Hazreti Muhammed işlenmiş altındır…
Bir gün Şems-i Tebriz’i, Mevlana’yı yoldan çıkarmış diye Kutub’a şikayet ediyorlar. Şems’le Mevlana geliyorlar, Kutub’un evine, kapıyı çalıyorlar. O da içerden “Buyrun” diyor.
Tam giriyorlar, Şems’i görüyor Kutub. Sinirleniyor, bir nara atmaya kalkıyor, ama tutuluyor dili… başlıyor kekelemeye.
Mevlana çeviriyor başını, bakıyor ki Şems’in celali nazarı Kutub’u perişan ediyor. “Ne olur” diyor, “Efendi Hazretleri çöz onun dilini.” Tebessüm ediyor Şems, çözüyor dilini Kutub’un. Kutub anında değişiyor, hoş bir havayla karşılıyor onları, hal hatır soruşuyor ediyor, katiyyen karşı gelmiyor Şems’e.
Neyse, günler geçiyor. Şems o zamanlar inşaatta çalışıyordu. İnşaattan eve doğru gelirken, yolbaşında Kutub’la karşılaşıyorlar. Kutub, Şems’i görür görmez başlıyor seslenmeye, “La ilahe illallah Şems Resulallah!”

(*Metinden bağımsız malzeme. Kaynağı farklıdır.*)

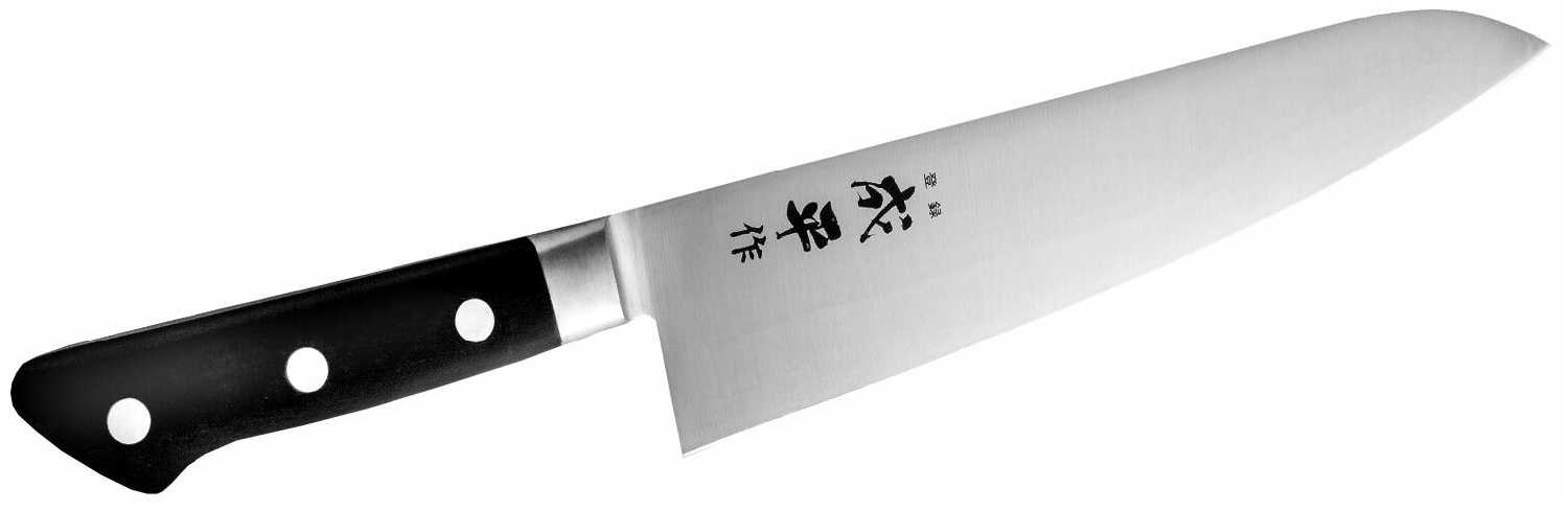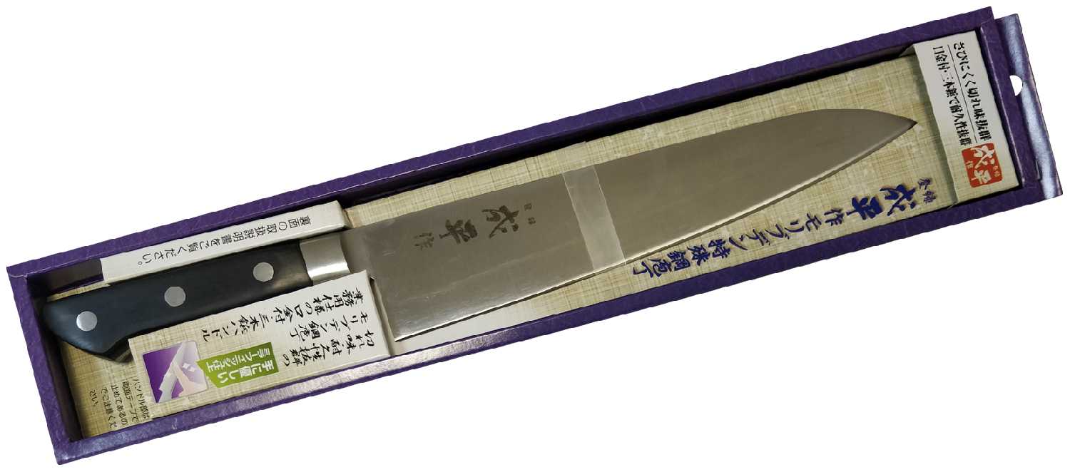 Этот нож двоякий, с одной стороны боллванка для него делается в Китае, в Японии его собирают шлифуют и точат, кривая кромка, ручка с выступами, но с другой,,, а что с другой, идеальная геометрия кухонного ножа, длина 240,щирина +-50 мм, делают его просто идеальным шефом, говорю как профессиональный повар, который обрабатывает килограммами продукты, заточку держит для нержавейки обычно, правлю мусатом на постоянной основе, из за так себе обработки портится впечатление и зная что произведён на половину в Японии, а так очень хороший нож за свои деньги.

Sen misin diyen… Bunu duyan halk koşuyor Kutub’u dövmeye, Şems bir nara atıyor, bunların elleri havada kalıyor. Alıyor Kutub’u bir çeşmenin başına getiriyor. Kutub yemiş bir iki tokat, kan akıyor yüzünden.
“Efendi” diyor Şems, “sakın bir daha, La ilahe illallah Şems Resulallah deme, de La ilahe illallah Muhammeden Resulallah. Çünkü Hazreti Muhammed işlenmiş altındır, ben ise işlenmemiş altınım, ama Hazreti Muhammed’le aynı ayardayım.”
Bakın, nasıl bir dil sarfediyor!.. Yani, O’nu halk tanır, beni tanımaz. O anıldı mı ben de anılırım, diyor.
İşte bu yüzden, Allah’ın öyle sır kulları vardır, herkes sanır kendisi gibi, ama hayır, onun gibi değildir. Altınla bakır bir olmaz.